Michael R. Miller is a composer, pianist, and retired professor of music. He was born in Lisbon, Portugal. He holds a BA degree from New York University, and an MA from the Eastman School of Music of the University of Rochester, NY. He studied composition and orchestration with Bernard Rogers and Wayne Barlow.
Miller taught at New York University 1961-65, and Vassar College, NY, 1965-66. He emigrated to Canada in 1967, teaching piano, composition and theory at Mount Allison University in Sackville, NB, and performing with the Mount Allison Trio until 1974. In 1972 he became a Canadian citizen. He retired in July 1998, taught composition part-time until 1999, and was awarded Professor Emeritus in May1999, by Mount Allison. Since 1999 he has been living in Fredericton, NB.
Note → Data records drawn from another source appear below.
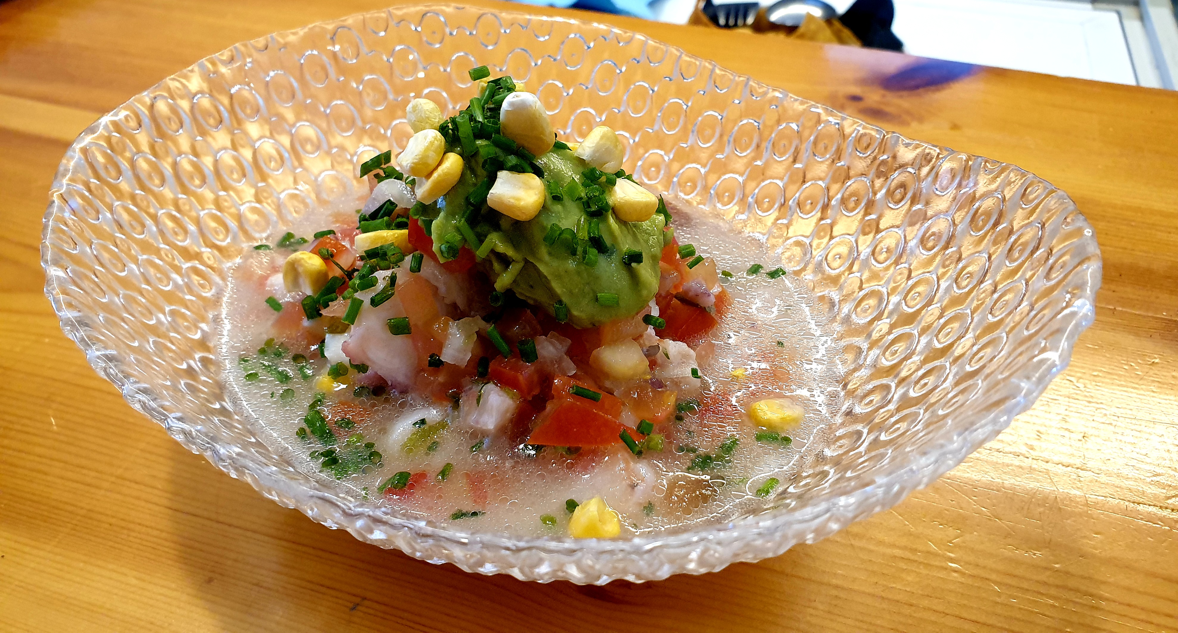 Ceviche mixto de pulpo, corvina y gamba, guacamole, aceite de jengibre, lima, cilantro y tostas de maíz
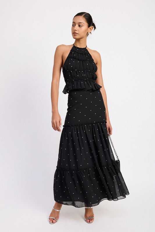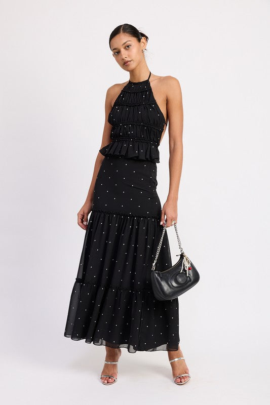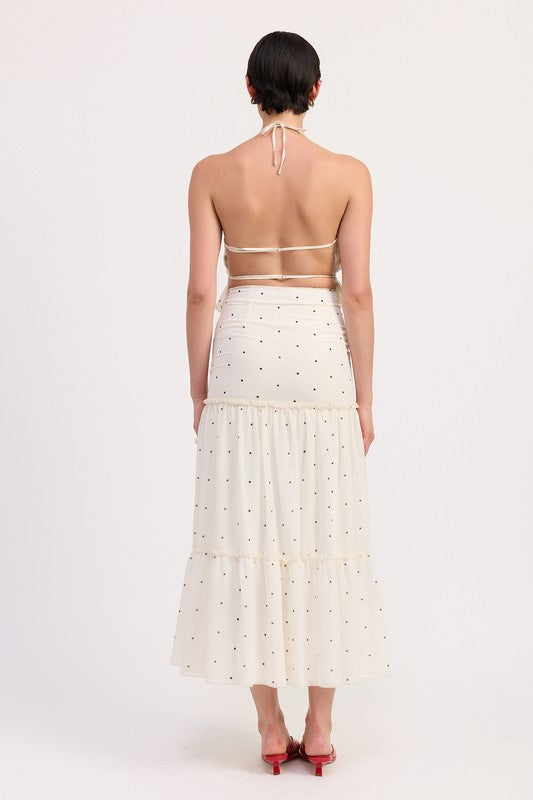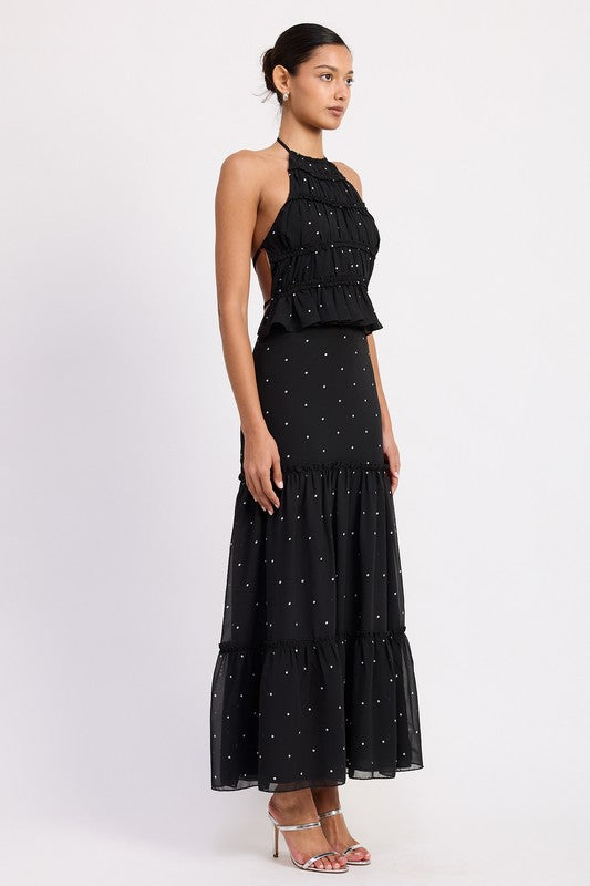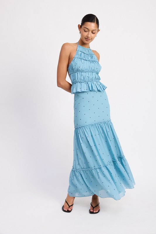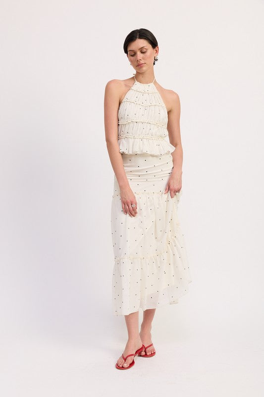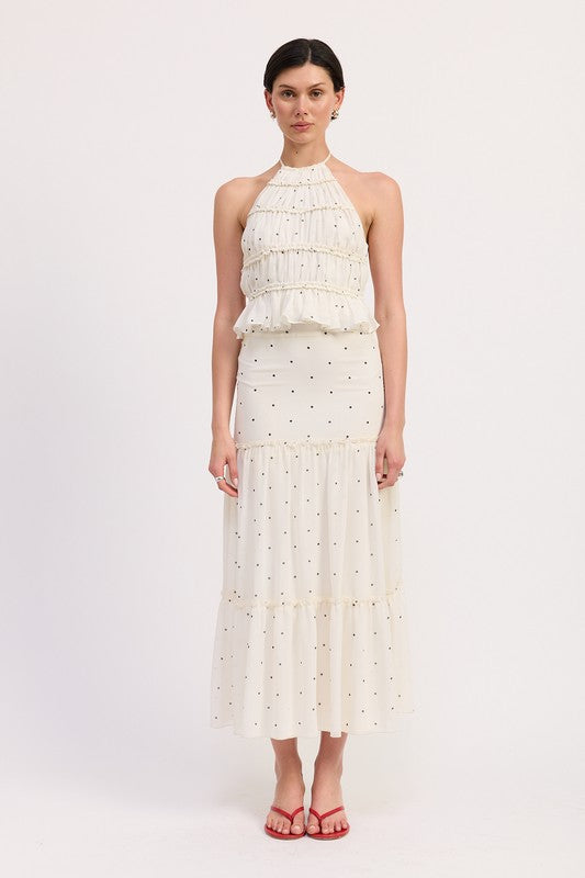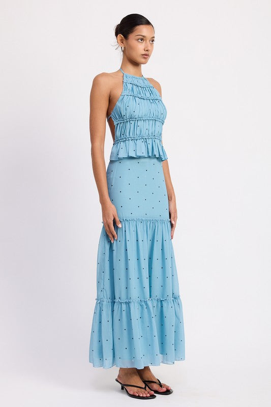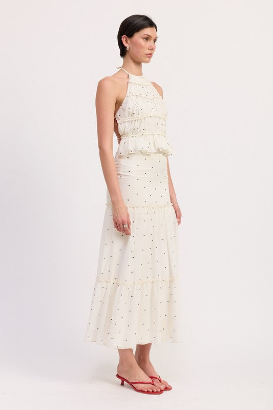 Women's Backless Polka Dot Halterneck Ruffled Top
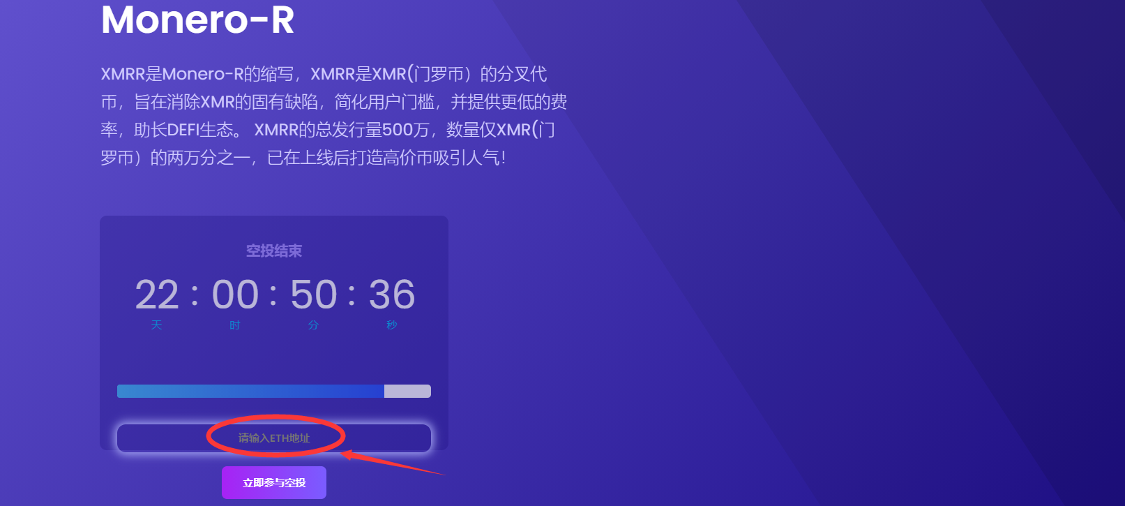 空投结束后将自动发放XMRR代币至您提交的ETH地址
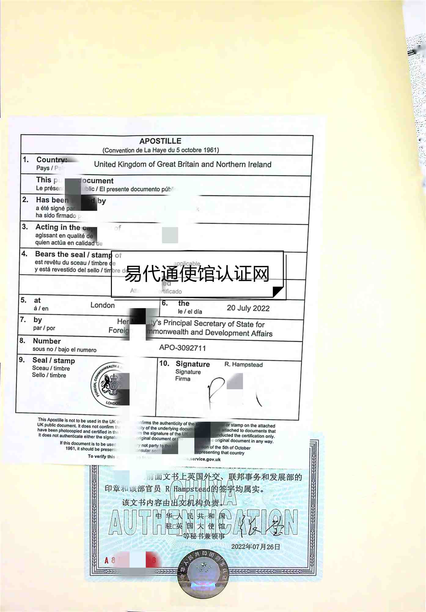 2、再送往英國外交部進行認證
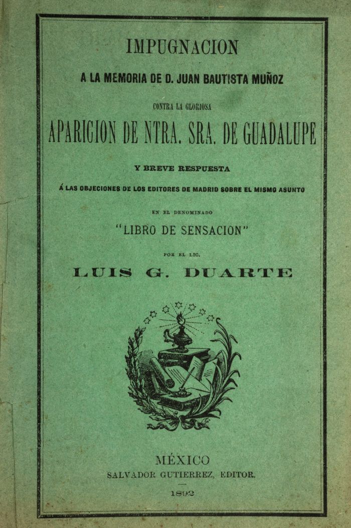 R - García Icazbalceta, Joaquín / Chávez, Gabino / Duarte, Luis G. Carta del Sr. Lic. Joaquín García Icazbalceta a propósito de la aparición de la Virgen de Guadalupe / Celeste y Terrestre o Las dos Coronas Guadalupanas / Impugnación a la memoria de D. Juan Bautista Muñoz contra la Gloriosa Aparición de Ntra. Sra. De Guadalupe, y breve respuesta a las objeciones de los editores de Madrid sobre el mismo asunto en el denominado "Libro De Sensación". a) García Icazbalceta, Joaquín. Carta del Sr. Lic. Joaquín García Icazbalceta a propósito de la aparición de la Virgen de Guadalupe. Pachuca: Tipografía Moderna de Luis B. García, 1900 8o. marquilla, 40 p. Obsequio de la "Corporación Patriótica Privada". Conserva pasta anterior original. Encuadernado en rústica. Se trata de la célebre carta que el historiador Joaquín García Icazbalceta dirigió al Arzobispo Pelagio Antonio de Labastida y Dávalos, en relación a la aparición de la Vírgen de Guadalupe. Hoy en día se conoce a dicho escrito como "La Carta Antiaparicionista". b) Chávez, Gabino. Celeste y Terrestre o Las dos Coronas Guadalupanas. México: Guillermo Herrero y Comp., 1895. 8o. marquilla, 34 p. Reflexiones acerca de la desaparición de la corona en la imagen de Nuestra Señora de Guadalupe. Con pequeños faltantes en el lomo. Encuadernado en rústica. c) Duarte, Luis G. Impugnación a la memoria de D. Juan Bautista Muñoz contra la Gloriosa Aparición de Ntra. Sra. De Guadalupe, y breve respuesta a las objeciones de los editores de Madrid sobre el mismo asunto en el denominado "Libro De Sensación". México: Salvador Gutiérrez, Editor, 1892. 8o. marquilla, 62 p. Pastas originales con pequeñas roturas en los margenes. Encuadernado en rústica. Total de piezas: 3. Estimado $6,000-8,000

He has composed for voice, choir, piano, organ, guitar, orchestra, band, and various chamber ensembles. He has also written two operas. His style employs such 20th-century techniques as pandiatonicism, polytonality, modal scales, cross rhythm, serialism and aleatory. His works usually retain identifiable metres and tonal centres. In fact, his music is characterized by quite traditional features like melodies, themes, motives, clear forms, contrast in mood and tempo, and the use of counterpoint.